Отец

  Мы жили почти в конце улицы станционного поселка, достаточно большого, где была своя почта, медпункт, клуб и школа десятилетка, куда ходили с окрестных поселков и деревень дети, здесь же располагался и сельсовет.
 Центр поселка и была железнодорожная станция с вокзалом и перроном принимающих пассажиров с проезжающих мимо поездов. Здесь было шесть железнодорожных путей, трое из них запасные.
 Целыми днями паровоз, а впоследствии сменивший его тепловоз, таскал вагоны, маневрируя их по путям, загоняя их то на запасные пути для разгрузки, то цепляя порожняки к основному составу, и освобождая пути для проезжающих пассажирских составов.

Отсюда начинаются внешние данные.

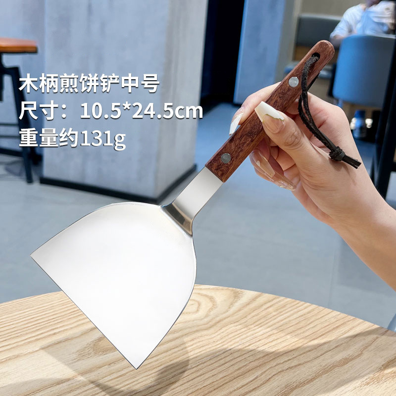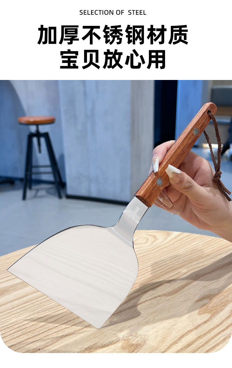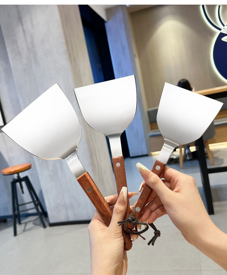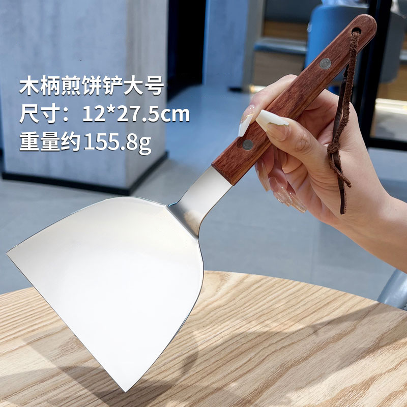 스테인레스 스틸 요리 삽 가정용 주방 스테이크 삽 두꺼운 나무 손잡이 안티 스케일 피자 삽 상업용 Teppanyaki 삽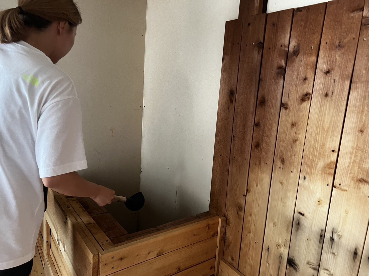 ロウリュに対応するため、サウナストーブを改良。また、サウナ室内の木材をヒノキに一新しました。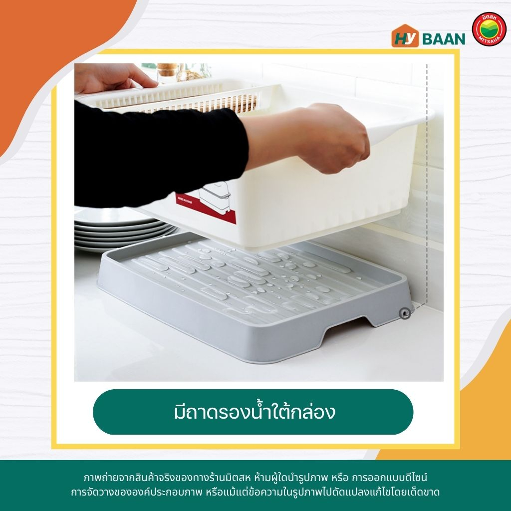ที่คว่ำจานมีฝาปิด Dish drainer with lid มี 2 ขนาด 29x38x27cm, 34x43x30cm สีขาว ชุด ชั้น คว่ำ จาน ที่วาง ชาม มิตสห hybaan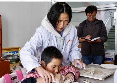 圖為陶藝室內(nèi),陳雙燕和學(xué)生在捏泥巴。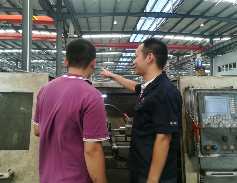 图为汽车系疏剑老师与一线机加工人员进行沟通交流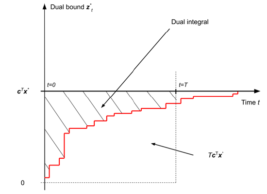 主办方提供了三个 MILP 数据集,它们来自完全不同的现实问题,参赛者可以针对这三个数据集提交不同的模型。其中 Dual Task 赛道研究如何更快收紧 MILP 问题的约束边界,参赛者需要最小化 Dual Integral(如下图所示,最小化积分区域面积),模型效果最后转化为一个累计的奖励函数。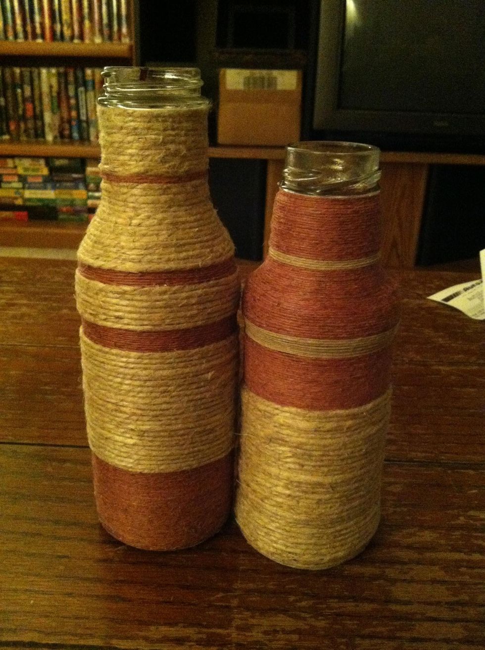 Plastic bottles can work too but I prefer the weight of glass because I'm going to put flowers in them. For a colorful, kid friendly variation use bright braiding cord.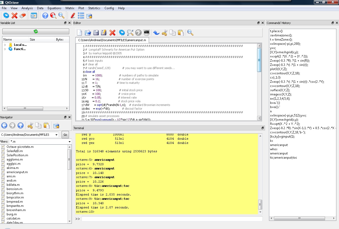 Die Datei habe ich in einem Ocatve-bekannten Verzeichnis als Datei "americanput.m" gespeichert.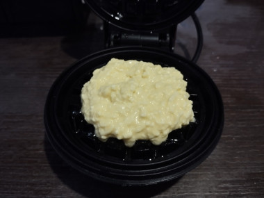 Закройте крышку вафельницы и пеките вафли примерно 4-5 минут до золотистого цвета. Время будет зависеть от возможностей вашей техники и желаемой степени зажарки вафель.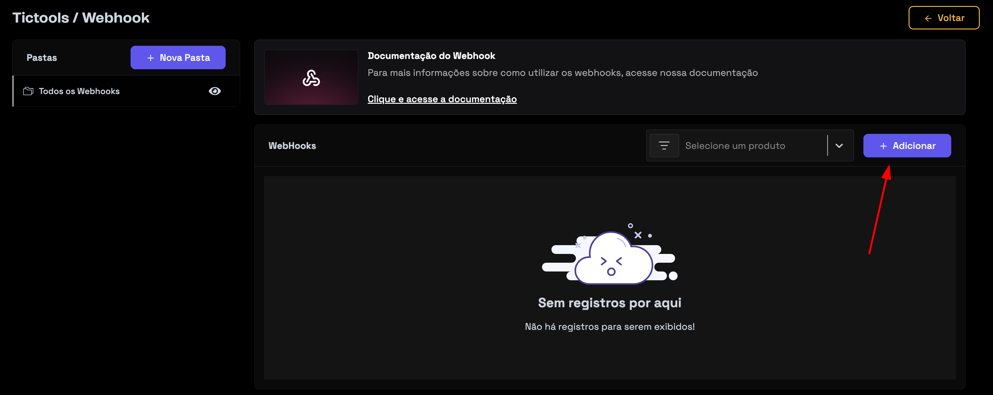 - Clique em Webhooks

 Вагонами сюда привозили муку, зерно, комбикорм в Заготзерно с работающим круглосуточно элеватором, где и работал длительное время мой отец, сначала пожарником, охранником, а потом, перед пенсией и грузчиком.
 
 Народ в поселке был  многонациональный, но жили дружно. В основном, это были марийцы, русские, татары, мордва, немцы, и даже евреи. Преобладали конечно марийцы, поскольку край был марийский и на этом языке говорили не только представители этой национальности, но и большинство других или по крайней мере понимали о чем идет речь.
 
 Отца моего в поселке знали все, звали его, Петр Алексеевич, но друзья и знакомые почему- то называли его Обрыв Петрович, то ли  за крутой нрав  и неразговорчивость,  то ли еще за что, но, надо сказать, его очень уважали в поселке и как будто побаивались.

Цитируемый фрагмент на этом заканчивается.